设\(f[n]=\sum_{i=1}^n\frac{n}{i}\)

\[\sum_{d=1}^n\mu(d)f(n/d)f(m/d) \]

问题在求\(f[n]\).

\[f[n]=\sum_{i=1}^nd(i) \]

#include<bits/stdc++.h>
#define ll long long
using namespace std;
const int N=5e4+50;
ll n,m;
ll pr[N],v[N],mu[N],F[N];
inline void pre(){
	const int M=5e4;
	mu[1]=1;
	for(int i=2;i<=M;++i){
		if(!v[i]) pr[++pr[0]]=i,v[i]=1,mu[i]=-1;
		for(int j=1;j<=pr[0];++j){
			if(i*pr[j]>M) break;
			v[i*pr[j]]=1;
			if(i%pr[j]!=0) mu[i*pr[j]]=-mu[i];
			else {mu[i*pr[j]]=0;break;}
		}
	}
	for(int i=1;i<=M;++i) mu[i]+=mu[i-1];
	for(int D=1;D<=M;++D)
		for(int l=1,r;l<=D;l=r+1)
			r=D/(D/l),F[D]+=(r-l+1)*(D/l);
		
}
inline void solve(){
	scanf("%lld%lld",&n,&m);
	if(n>m) swap(n,m);
	ll ans=0;
	for(ll l=1,r;l<=n;l=r+1){
		r=min(n/(n/l),m/(m/l));
		ans+=1ll*(mu[r]-mu[l-1])*F[n/l]*F[m/l];
	}
	printf("%lld\n",ans);
	return ;
}
int main(){
	pre();
	int T;scanf("%d",&T);
	while(T--) solve();
	return 0;
}

5.数字表格

\[\prod_{i=1}^n\prod_{j=1}^mf[gcd(i,j)] \]
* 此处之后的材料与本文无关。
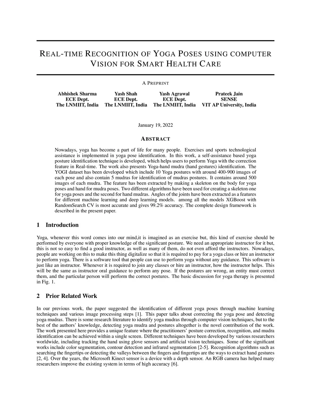 Real-time Recognition of Yoga Poses using computer Vision for Smart

\[\prod_{d=1}^nf[d]^{\sum_{g=1}^{n/d}\mu(g)\frac{n}{gd}\frac{m}{gd}} \]

\[\prod_{g=1}^n\prod_{d=1}^{n/d}(f[d]^{\mu(g)})^{\frac{n}{gd}\frac{m}{gd}} \]
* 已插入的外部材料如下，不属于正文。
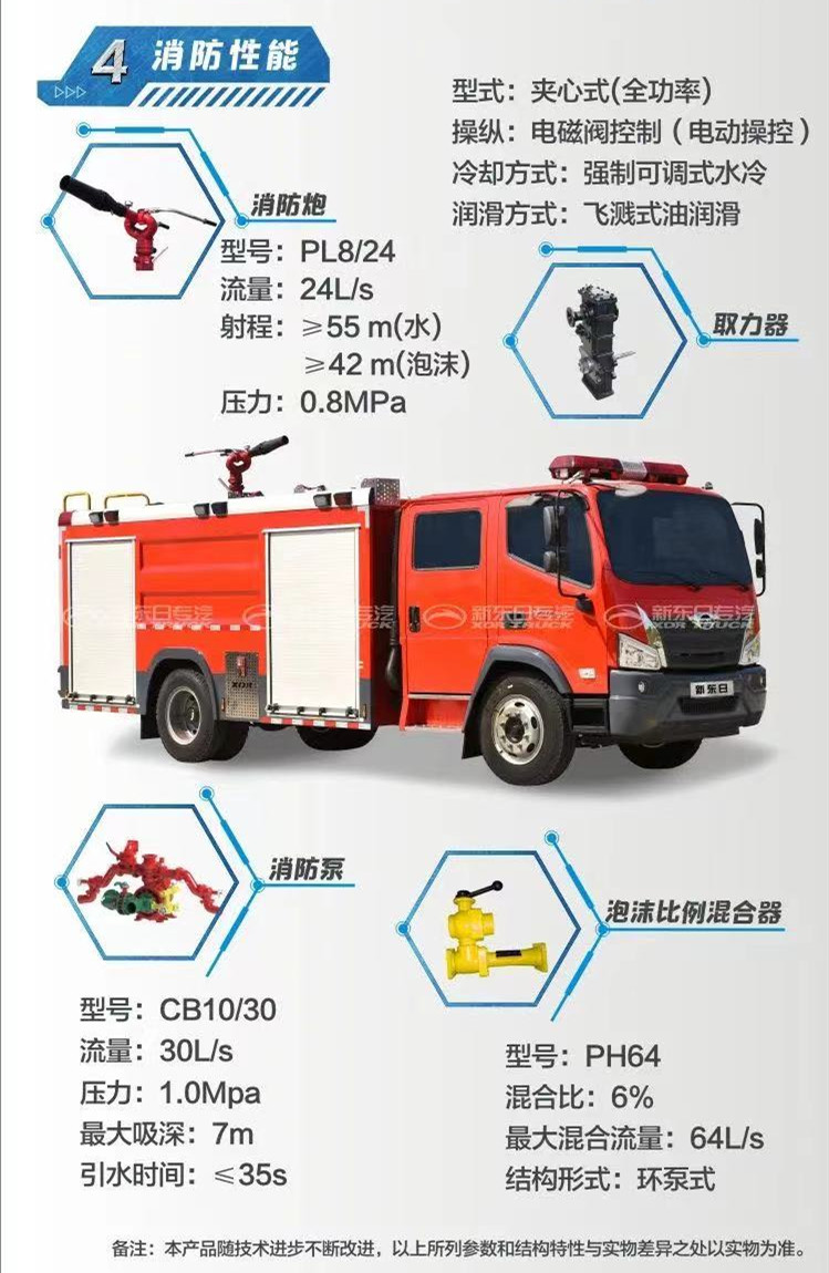 上裝配置:罐體容積6立方,配備上海茸申CB10/30消防泵,成都威斯特PS30炮,水射程:≧50m,整車顏色消防紅。

\[\prod_{T=1}^n\prod_{d|T}(f[d]^{\mu(T/d)})^{\frac{n}{T}\frac{m}{T}} \]

处理出前缀积就行了.

#include<bits/stdc++.h>
#define ll long long
using namespace std;
const int N=1e6+50;
const int mod=1e9+7;
ll n,m;
ll fib[N],mu[N],F[N],pr[N],v[N];
ll mgml(ll a,ll b,ll ans=1){
	b=(b%(mod-1)+mod-1)%(mod-1);
	for(;b;b>>=1,a=a*a%mod) if(b&1) ans=ans*a%mod;
	return ans;
}
inline void pre(){
	const int M=1e6;
	fib[0]=0,fib[1]=1,mu[1]=1;
	for(int i=0;i<=M;++i) F[i]=1;
	for(ll i=2;i<=M;++i){
		fib[i]=(fib[i-1]+fib[i-2])%mod;
		if(!v[i]) v[i]=1,pr[++pr[0]]=i,mu[i]=-1;
		for(int j=1;j<=pr[0];++j){
			if(i*pr[j]>M) break;
			v[i*pr[j]]=1;
			if(i%pr[j]!=0) mu[i*pr[j]]=-mu[i];
			else {mu[i*pr[j]]=0;break;}
		}
	}
	for(ll i=1;i<=M;++i){
		ll st[3]={mgml(fib[i],mod-2),1,fib[i]};
		for(ll j=1;i*j<=M;++j) F[i*j]=F[i*j]*st[mu[j]+1]%mod;
	}
	for(ll i=1;i<=M;++i) F[i]=F[i-1]*F[i]%mod;
}
inline void solve(){
	scanf("%lld%lld",&n,&m);
	if(n>m) swap(n,m);
	ll ans=1;
	for(ll l=1,r;l<=n;l=r+1){
		r=min(n/(n/l),m/(m/l));
		ans=ans*mgml(F[r]*mgml(F[l-1],mod-2)%mod,(n/l)*(m/l))%mod;
	}
	printf("%lld\n",ans);
	return;
}
int main(){
	pre();
	int T;scanf("%d",&T);
	while(T--) solve();
	return 0;
}

6.于神之怒加强版

\[\sum_{i=1}^n\sum_{j=1}^mgcd(i,j)^k \]

\[\sum_{g=1}^n\mu(g)\sum_{d=1}^{n/g}d^k\frac{n}{gd}\frac{m}{gd} \]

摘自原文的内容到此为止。